POSTGLACIAL FAULTING NEAR CRATER LAKE, OREGON, AND ITS POSSIBLE ASSOCIATION WITH THE MAZAMA CALDERA-FORMING ERUPTION

Volcanoes in subduction-related magmatic arcs occur in a variety of crustal tectonic regimes, including where active faults indicate arc-normal extension. Mount Mazama, the Cascades arc volcano that hosts Crater Lake caldera, overlaps with an ~10‑km-wide zone of ~north–south trending normal faults along its western margin. A lidar survey of Crater Lake National Park reveals several previously unrecognized, recently active faults within this zone. Post-Last Glacial Maximum (LGM; <16 ka) vertical separations measured from profiles across the primarily east-facing scarps in moraine and glaciated surfaces range from ~2 m to as much as 12 m. Scarp heights and beveled profiles commonly suggest two or more postglacial surface-rupturing events. Ignimbrite of the ca. 7.6 ka climactic eruption of Mount Mazama, during which Crater Lake caldera formed, appears to bury fault strands where they project into thick, valley-filling ignimbrite. Exposures in two ~1-m-deep trenches suggest that ignimbrite banks against and mantles scraps where the deposit is thin. Lack of lateral offset of linear geomorphic features suggests principally normal displacement, although predominant left stepping of scarp strands implies a component of dextral slip.

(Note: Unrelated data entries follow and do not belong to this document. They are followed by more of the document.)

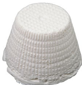
RICOTTA Ricotta cheese Cod: 0034330 - 1,5 kg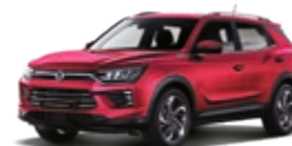
Cherry Red (RAV)*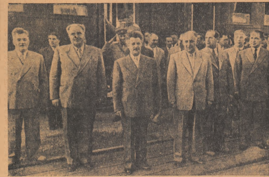
Oaspeții bulgari, pe peronul gării din Cluj

★ Trenul oficial trece prin gările ardelenne în aclamațiile multîmii ★ Colectiviștii oferă daruri ★ Cuvinte de prietenie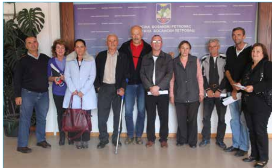
Zadovoljna 4 korisnika sa načelnikom ( u sredini) i predstavnicima FMROI- a ( prvi s lijeva i treća s lijeva)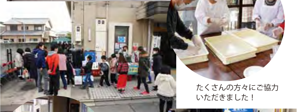
たくさんの方々にご協力 いただきました!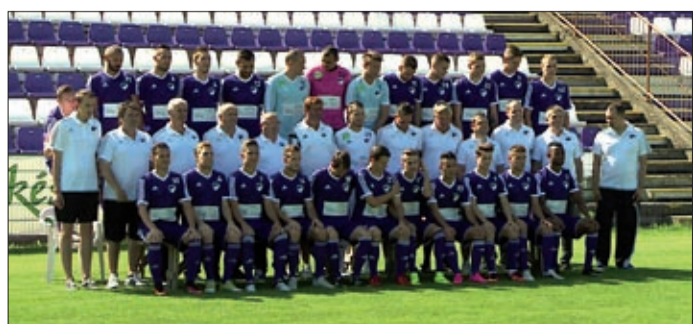
Elkészültek a 2016/2017-es szezon hivatalos fotói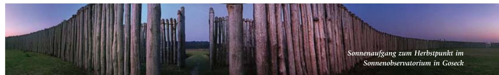
Sonnenaufgang zum Herbstpunkt im Sonnenobservatorium in Goseck

Das Sonnenobservatorium in Goseck verdeutlichte den Menschen bereits vor rund 7.000 Jahren die wesentlichen jahreszeitlichen astronomischen Kennzeichen: die Sommer- und Wintersonnenwende und,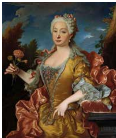
Bárbara de Braganza como Princesa de Asturias. Cuadro de Jean Ranc. Museo del Prado.

Hija del rey Juan V de Portugal casó con el hijo de Felipe V de España y María Gabriela de Saboya, futuro rey Fernando VI. La boda se celebró en Badajoz el 20 de enero de 1729 en un suntuoso palacete de madera construido sobre el río Caya.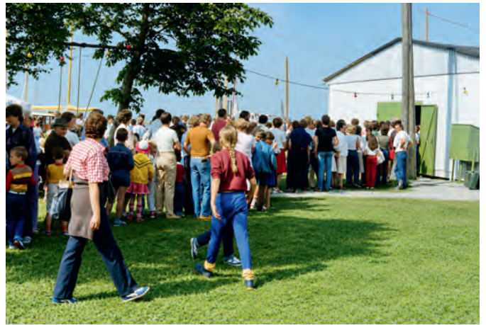
Eine lange Warteschlange stand 1985 vor dem Lagerraum an, um eine Tüte knapper Pfirsiche zu ergattern.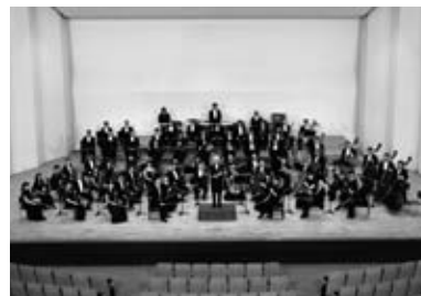
広島交響楽団のみなさん

申込方法 往復はがきに、参加者全員(1枚に4人まで)の住所、氏名、年齢、電話番号を記入し、9月18日(火)【消印有効】までに郵送してください。ホームページからも申込みできます。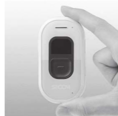
▲ GPS 端末機

認知症等により行方不明になる不安を感じている方へ「GPS 端末機 (居場所を知らせる装置)」を貸与し、対象の方に携帯してもらうことで、万が一行方不明になった時、オペレーションセンターやパソコンなどでおおよその位置を確認し、早期発見につなげることができます。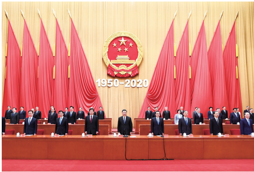
10月23日，纪念中国人民志愿军抗美援朝出国作战70周年大会在北京人民大会堂隆重举行。习近平、李克强、栗战书、汪洋、王沪宁、赵乐际、韩正、王岐山等出席大会。

艰苦卓绝的浴血奋战，赢得了抗美援朝战争伟大胜利。抗美援朝战争伟大胜利，将永远铭刻在中华民族的史册上，永远铭刻在人类和平、发展、进步的史册上。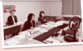
リモートのようす

「総代」にご興味のある組合員さんは、毎年1月中旬頃に「総代選挙公示」を商品カタログと共に配布していますので、ご覧ください!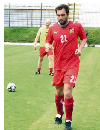
V reprezentačním dresu.

Pravidla turnaje jsou striktní, všichni fotbalisté se musejí prokázat lékařským diplomem. Navíc, pokud ně-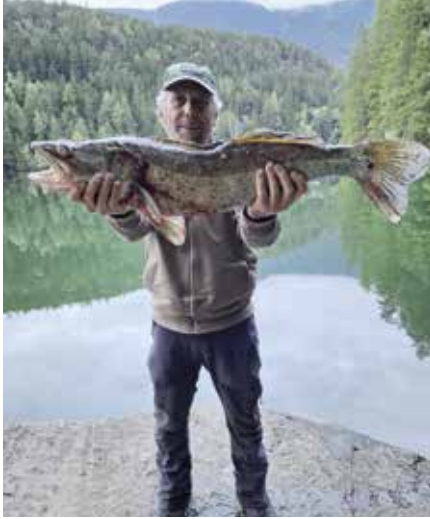
Anglerglück am Piburger See

Industrieboden verlegt werden, der als Grundlage für die künftigen Einsatzfahrzeuge und Arbeitsbereiche dient.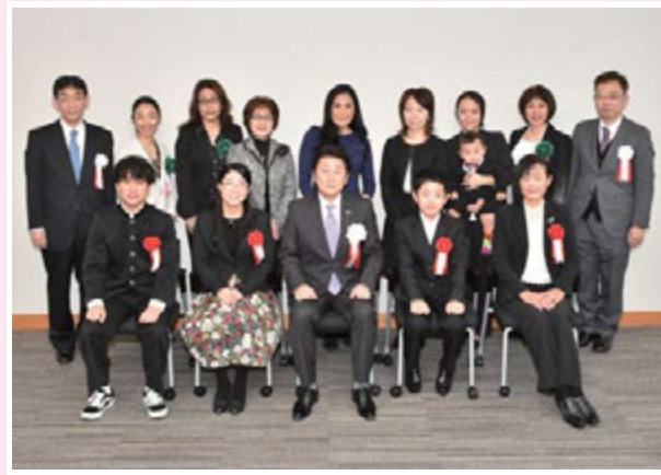
▲ 松山少子化担当大臣による表彰後の記念撮影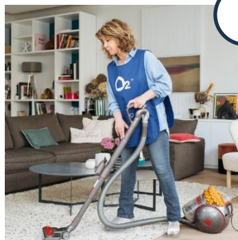
Prestation de l'après-midi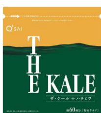
プラス ▲ザ・ケール + ハチミツ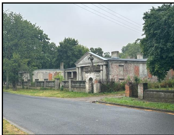
Ruiny zabytkowego pałacu Wilkoszewskich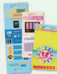
con productos minoristas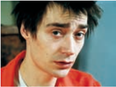
13. Cabriolet Cabriolet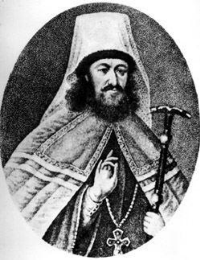
Митрополит Стефан Яворский (1658–1722).

После смерти патриарха Адриана в 1700 г. Пётр не разрешил избрать нового патриарха.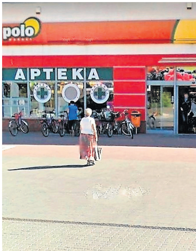
Problem z brakiem dostępu do całodobowych aptek w Sępólnie wynika m. in. z ich lokalizacji w markecie

Jedynie w Więcborku problem jest w pewien sposób rozwiązany. Tam właścicielka apteki przy ul. Ogrodowej 1 na życzenie klienta otwiera aptekę w nagłej sytuacji.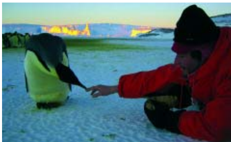
Begegnung der dritten Art: Pinguine sind ziemlich zutraulich und knabbern schon mal an einem Menschen rum.

Wie dreht man einen Film im ewigen Eis? Um «Die Reise der Pinguine» zu machen, erbrachte das Team eine Meisterleistung in Sachen Logistik und Technologie. Sie entwickelte neue Geräte, um den Pinguinen möglichst nahe zu kommen. Und manchmal gabs ordentlich kalte Füsse. Bilder von der Arbeit der Filmer.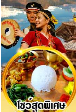
ไข่อุดพิเศษ ลิ้มรสอาหารเนปาลแท้ๆ

กาฐมัณฑุ โทครา ภัคตาปัวร์ ปาทัน นากากีฮอต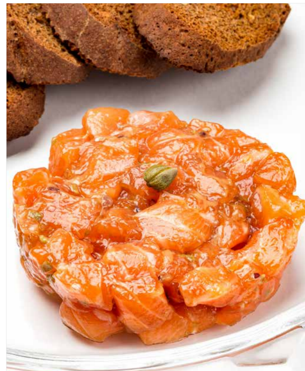
ТАРТАР ИЗ ЛОСОСЯ Salmon tartare 三文鱼塔塔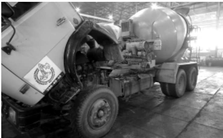
Чистота и порядок – залог безопасности.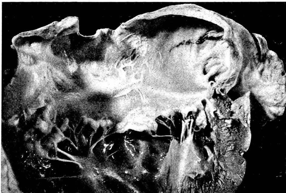
Abb. 4 Sogenannter Endokardriß im linken Vorhof, der zu einem massiven Hämoperikard mit Herztamponade geführt hat. Die knotige Fibrose der Mitralklappe ist sehr deutlich erkennbar (Älterer Pudelrüde).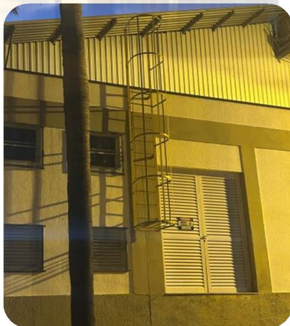
FOTO 7: Escada marinheiro instalado na cabine de energia do DTA/DETA.

SERVIÇO: Contratação de empresa para fornecimento e instalação de escada tipo marinheiros nos prédios da FEA EMPRESA: Carlos Jair Lagranha ELAB. POR: Eng°. Fábio Pancotti Morente - ENGENHARIA E MANUTENÇÃO FEA CONCLUÍDO: 02/03/2025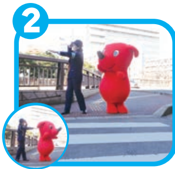
くるまがきていないか みぎ、ひだりを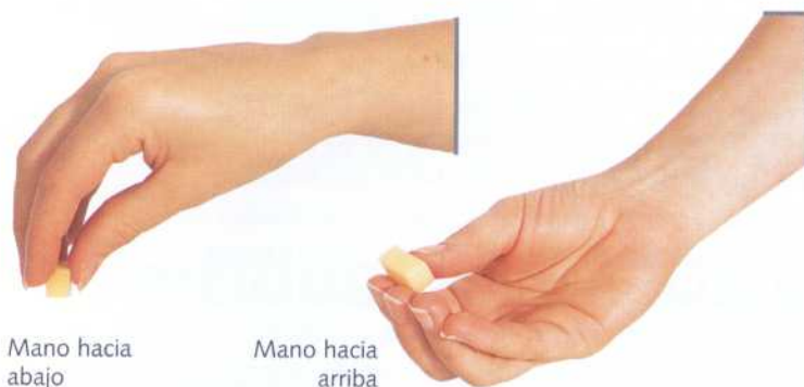
Mano hacia abajo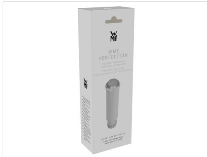
WMF Perfection Cartouche filtrante Cartouche filtrante XW133000

Full rupture of the longest fault (18 km) could have produced earthquakes of M_w≤6.5 from empirical scaling relationships. If several faults slipped in one event, prehistoric ruptures could have been a combined 44 km long and suggest an earthquake of M_w7.0. Scarps as high as 12 m in LGM moraine imply maximum vertical slip rates of 1.5 mm/yr for the zone west of Crater Lake, considerably higher than the ~0.3 mm/yr long-term rate for the nearby West Klamath Lake fault zone south of the caldera. An unanswered question is the timing of surface-rupturing earthquakes relative to the Mazama climactic, caldera-forming eruption. Apparent overlap of scarps by ignimbrite is permissive of the eruption having been preceded by a large earthquake. Alternatively, large surface-rupturing earthquakes may have occurred during the eruption, a result of decrease in east–west compressive stress during ejection of ~50 km³ of magma and concurrent caldera collapse.